Collected data
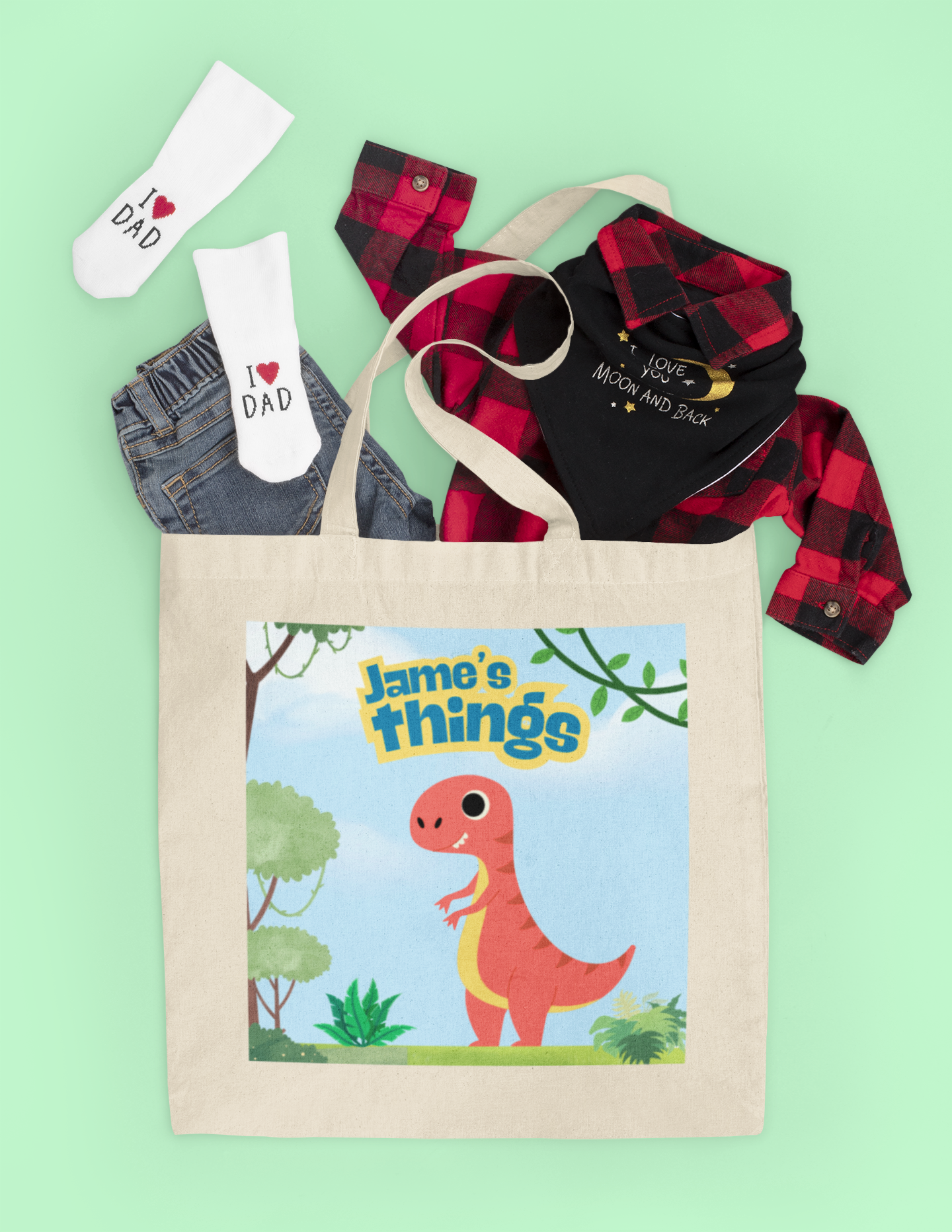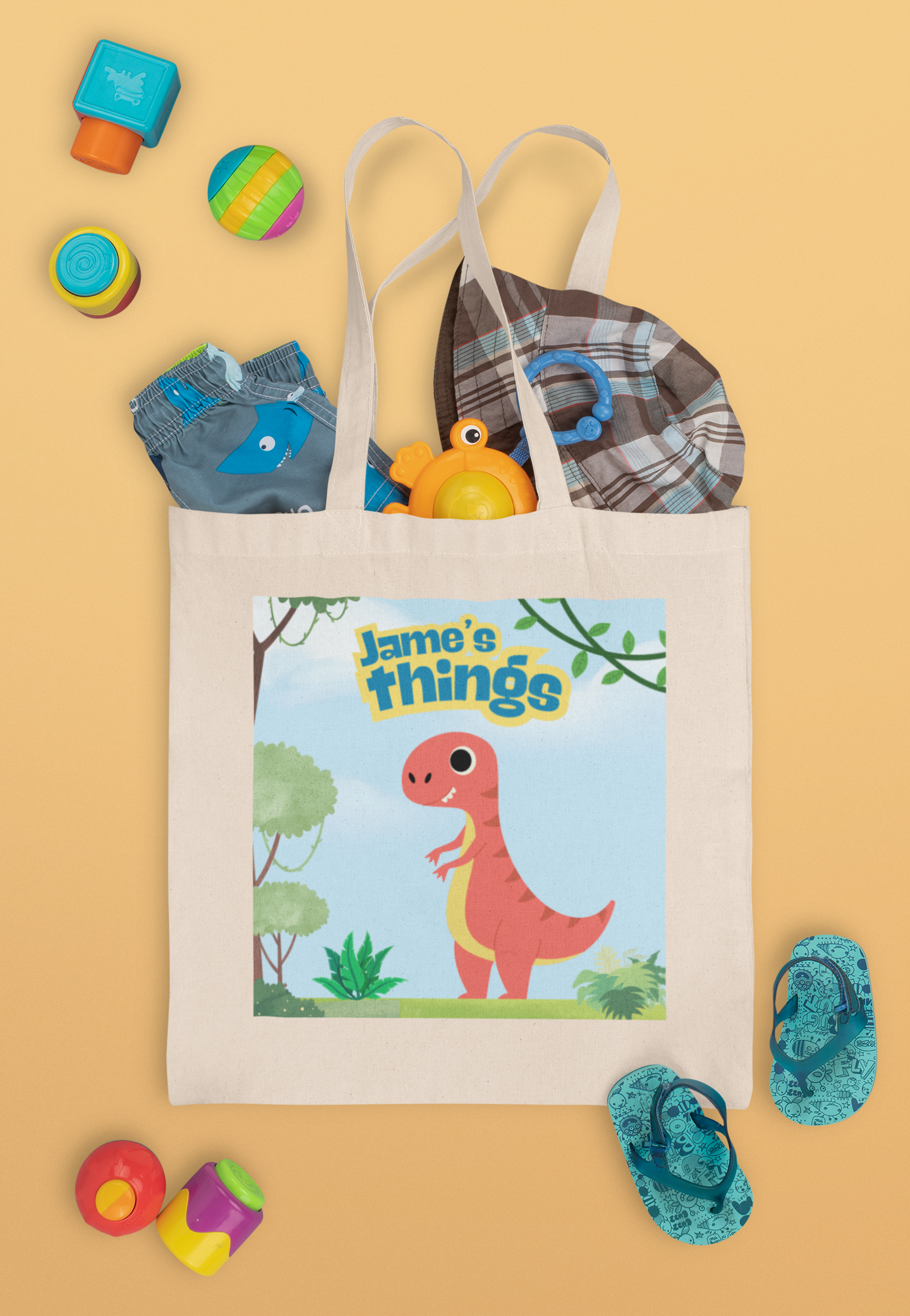 Personalized Dinosaur themed tote bag for kids, perfect for carrying books, toys, and snacks. This vibrant and durable canvas tote bag adds a fun touch to any child's outfit, making it a great accessory for school, playdates, or family outings. Ideal for children who love dinosaurs or as a unique gift for birthdays, holidays, or special occasions.
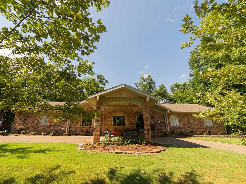 Beautiful setting and location! Brick home, nearly 2600 ft on one level, with circle driveway, 4 bedrooms and 2 bathrooms. Open kitchen and den area with gas fireplace. New countertops. Formal living room. All season large sun room on back of home with screens and glass windows. Fenced yard with play set. Storage shed.
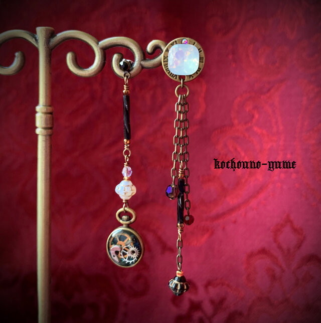 長めの揺れるスチームパンク風アシンメトリーピアスです。
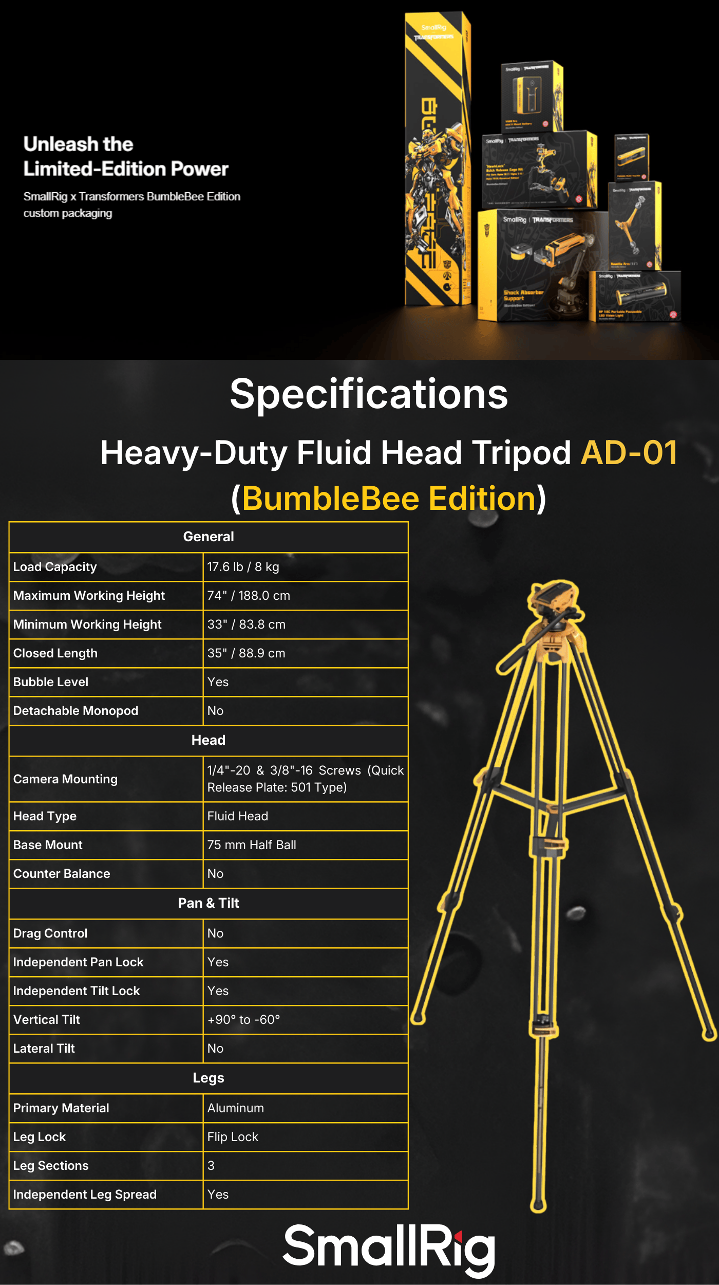 With a 17.6 lb load capacity at a weight of only 8.4 lb, the AD-01 Heavy-Duty Tripod with Fluid Head Bumblebee Edition from SmallRig is a durable and portable support option for professional photographers, videographers, and vloggers. The three-stage tripod is constructed with durable, lightweight aluminum and features a 33 to 74" adjustable height range and easy flip locks.
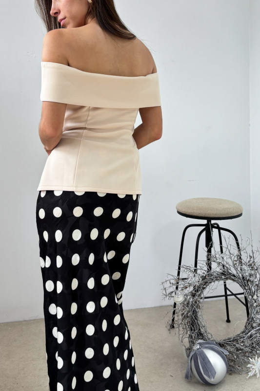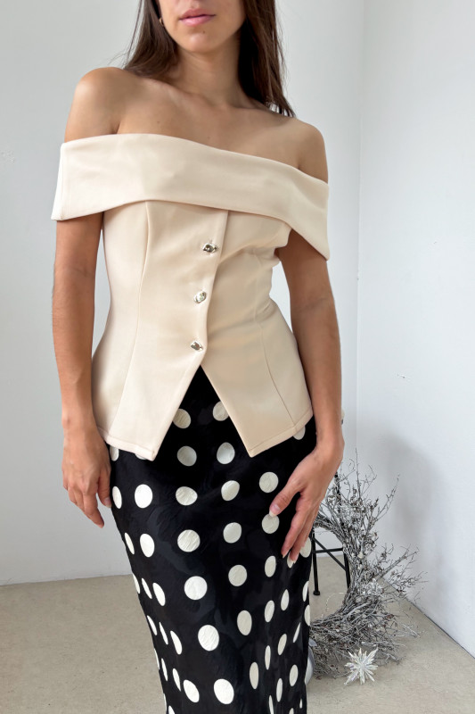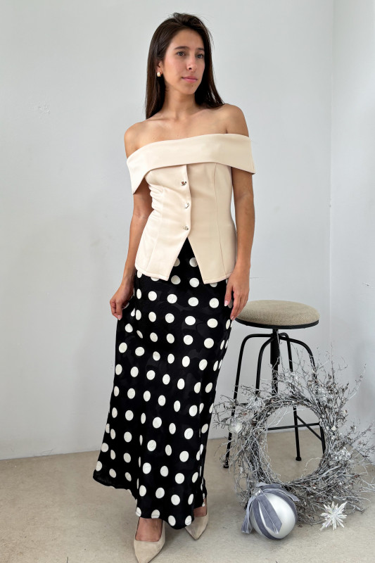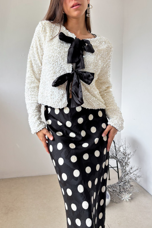 Falda midi en tejido ligero con textura floral en bajo relieve y contraste de lunares blancos y elástico oculto en cintura.
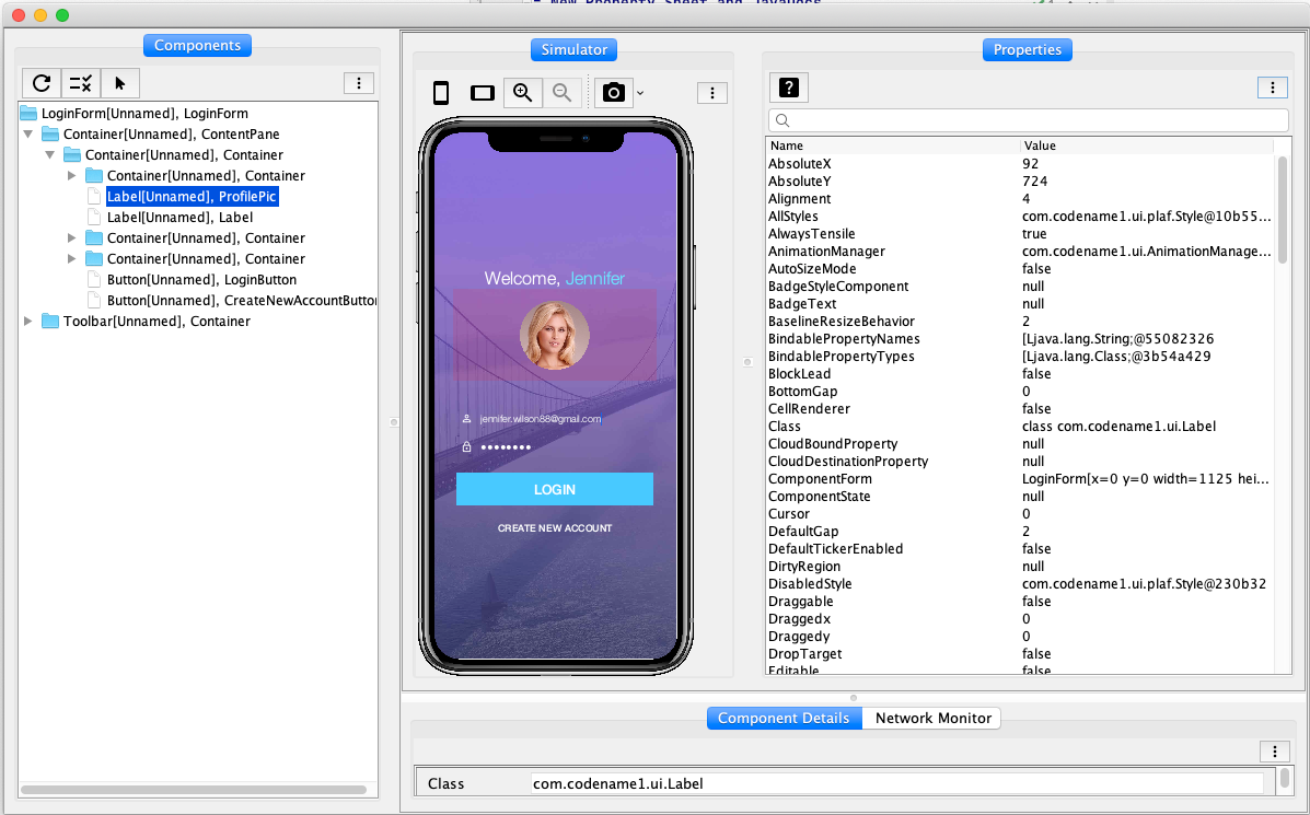 Firstly, we have added a new property sheet that shows you the value of all of the properties of the selected component in the component tree. This is useful for checking whether a container is scrollable, or what text property of a button is set to, or pretty much anything else you’d like to know about a component’s state.

Exercise description:
Output all the entries exactly, minus any pictures.

Exercise answer:
 Personalized Dinosaur themed tote bag for kids, perfect for carrying books, toys, and snacks. This vibrant and durable canvas tote bag adds a fun touch to any child's outfit, making it a great accessory for school, playdates, or family outings. Ideal for children who love dinosaurs or as a unique gift for birthdays, holidays, or special occasions.
 Beautiful setting and location! Brick home, nearly 2600 ft on one level, with circle driveway, 4 bedrooms and 2 bathrooms. Open kitchen and den area with gas fireplace. New countertops. Formal living room. All season large sun room on back of home with screens and glass windows. Fenced yard with play set. Storage shed.
 長めの揺れるスチームパンク風アシンメトリーピアスです。
 With a 17.6 lb load capacity at a weight of only 8.4 lb, the AD-01 Heavy-Duty Tripod with Fluid Head Bumblebee Edition from SmallRig is a durable and portable support option for professional photographers, videographers, and vloggers. The three-stage tripod is constructed with durable, lightweight aluminum and features a 33 to 74" adjustable height range and easy flip locks.
 Falda midi en tejido ligero con textura floral en bajo relieve y contraste de lunares blancos y elástico oculto en cintura.
 Firstly, we have added a new property sheet that shows you the value of all of the properties of the selected component in the component tree. This is useful for checking whether a container is scrollable, or what text property of a button is set to, or pretty much anything else you’d like to know about a component’s state.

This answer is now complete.